Là donc, près du timon de la première charrette, à droite de la file, étaient accroupis deux carabiniers en petite veste bleu de ciel, deux véritables colosses, dont la puissante nature fléchissait sous l’étreinte du mal : on eût dit deux cariatides écrasées sous le poids d’une masse énorme. L’un, aux grosses moustaches rousses, les joues terreuses, vous regardait de ses yeux ternes, comme du fond d’un affreux cauchemar ; l’autre, plié en deux, les mains bleues, l’épaule déchirée d’un coup de mitraille, s’affaissait de plus en plus, puis se relevait par sursaut en parlant tout bas comme au milieu d’un rêve. Derrière étaient étendus deux à deux des soldats d’infanterie, la plupart frappés d’une balle, une jambe, un bras fracassés. Ils semblaient supporter leur sort avec plus de fermeté que les colosses. Ces malheureux ne disaient rien ; quelques-uns seulement, les plus jeunes, demandaient d’un air furieux de l’eau et du pain. Puis, dans la charrette voisine, une voix plaintive, la voix d’un conscrit, appelait : — Ma mère ! ma mère !… Les vieux souriaient d’un air sombre, comme pour dire : — Oui,… oui,… elle va venir, ta mère ! Peut-être aussi ne pensaient-ils à rien.

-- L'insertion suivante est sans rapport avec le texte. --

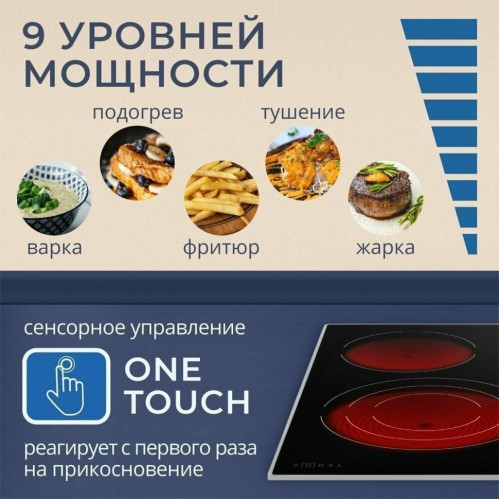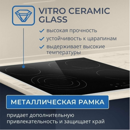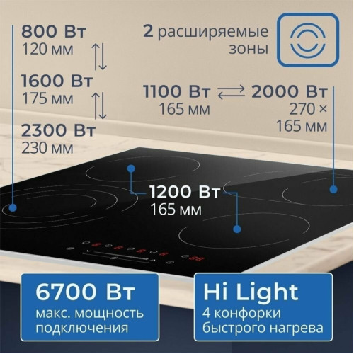 Варочная панель ZUGEL ZEH603FB, исполненная в стеклокерамике Vitro Ceramic Glass - это идеальное сочетание недорогой цены и расширенных возможностей в одной модели. • Сенсорное управление One Touch, современное и оперативно реагирующее на ваши прикосновения с первого раза; • Металлическая рамка придает Вашей поверхности дополнительную привлекательность; • Блок управления-слайдер, позволяющий всего в одно касание выставить необходимый вам уровень нагрева любой из конфорок и делающий процесс управления панелью значительно более быстрым и легким; • 9 уровней мощности - с ними вы сможете подобрать подходящую температуру для приготовления практически любого блюда; • Таймер дает вам возможность запрограммировать время выключения любой конфорки, с точностью до минуты; • Максимальная мощность подключения 6700 Вт - делает данную модель по-настоящему мощной, позволяя вам готовить на всех четырех конфорках одновременно, без потерь эффективности каждой рабочей зоны; • Благодаря имеющейся тройной зоне расширения Вы можете выбирать мощность и диаметр нагреваемой поверхности конфорки, так же имеющаяся овальная зона расширения позволит без проблем готовить в нестандартной посуде; • Защитное автоотключение - это дополнительный уровень безопасности, который гарантирует высокую степень защиты для вас и вашего дома, обеспечивая самостоятельное отключение конфорки; • Индикация остаточного тепла, сообщающая вам о том, когда прикасаться к конфорке уже безопасно, а когда - еще нет, ведь в течение некоторого времени после выключения, поверхность варочной панели все еще может оставаться горячей; • Блокировка от детей, благодаря которой вы всегда сможете избежать ненужных нажатий на элементы управления, например, во время уборки варочной панели или, чтобы предотвратить её незапланированное включение детьми.

De temps en temps une sorte de frisson parcourait tout le convoi. Alors on voyait plusieurs blessés se lever à demi avec de longs gémissemens et retomber aussitôt, comme si la mort eût fait sa tournée en ce moment. Puis tout redevenait silencieux.

Comme Hullin les regardait ainsi, sentant ses entrailles frémir, voilà qu’un bourgeois du voisinage, Sôme le boulanger, sortit de chez lui portant une grande marmite pleine de bouillon. Alors il fallut voir tous ces spectres s’agiter, leurs yeux étinceler, leurs narines se dilater ; ils semblaient renaître : les malheureux mouraient de faim !

Le bon père Sôme, les larmes aux yeux, s’approcha disant : — J’arrive, mes enfans ! Un peu de patience… C’est moi, vous me reconnaissez !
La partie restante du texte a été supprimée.